Reform feels there are two separate issues in the bill. One is more restrictions on law-abiding gun owners with the minister's firearms act and the second is more amendments to section 3 of the Criminal Code which deals with the criminal misuse of firearms which we feel are two separate issues.

I wonder if the member could enlighten the Chamber as to what his feelings are on splitting the bill.

Firearms Act February 27th, 1995

Mr. Speaker, I would like to refer the hon. member to a number of reasons for which there is such growing opposition across the country to more regulations for law-abiding gun owners.

One reason is that it is costly. The minister indicated that it would cost $85 million to implement this legislation. Other estimates reach into the hundreds of millions of dollars. People on this side of the House, certainly at this time of budgetary constraint, would question why we are spending this money on the registration of firearms. The money would be better spent on health care or other social programs.

The second reason is that it is a non-secure system. If a hacker can break into the Pentagon's computer list, it will certainly make a shopping list for criminals once the information is out.
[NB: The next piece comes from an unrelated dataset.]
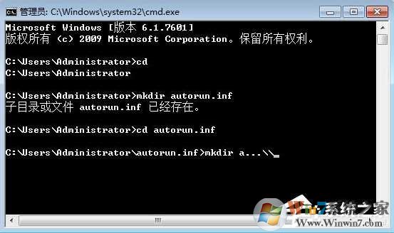 mkdir autorun.inf cd autorun.inf mkdir a...\\

The third reason-and members opposite will say that only those who are paranoid will say this-is that this is another step toward confiscation. The minister has repeatedly said that he believes only law enforcement officers and armed forces personnel should have firearms. When he makes those statements is it any wonder that Canadians are paranoid that this is another step toward confiscation of their legally acquired firearms?

Petitions February 27th, 1995

Mr. Speaker, the last petition I have to present today asks Parliament not to indicate societal approval of same sex relationships or of homosexuality by amending legislation to include the undefined phrase sexual orientation.